**EXERCISE**: Leave the pictures out. Return the rest of the listing below exactly.

**STORED DATA**:
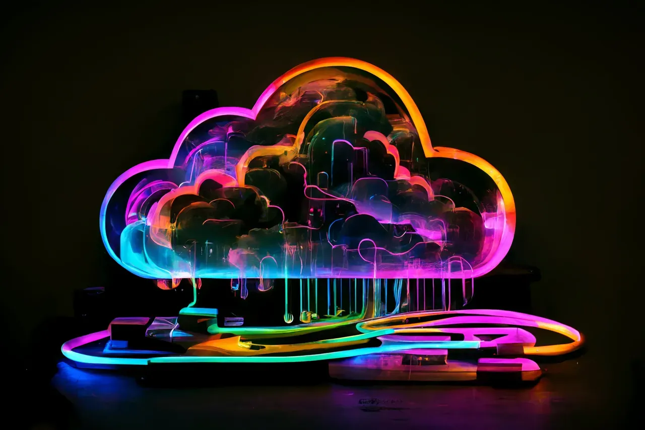 Illustration of cloud storage with 3D concept, and neon lighting
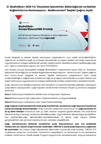 21. BiodivERsA+ 2025 Yılı "Ekosistem İşlevlerinin, Bütünlüğünün ve Habitat
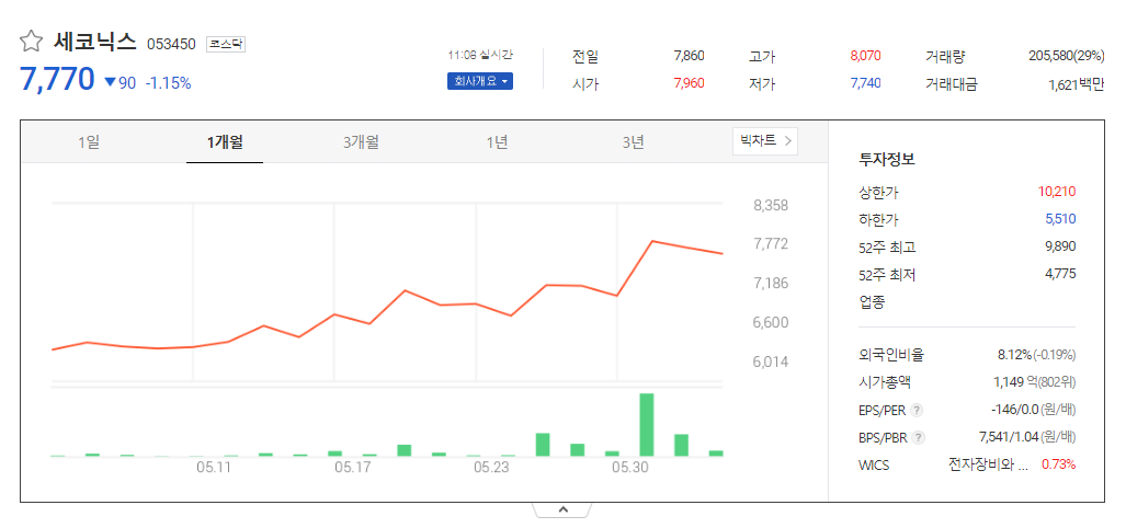 세코닉스 주가 분석

**RESPONSE TO THE TASK**:
 Illustration of cloud storage with 3D concept, and neon lighting
 21. BiodivERsA+ 2025 Yılı "Ekosistem İşlevlerinin, Bütünlüğünün ve Habitat
 세코닉스 주가 분석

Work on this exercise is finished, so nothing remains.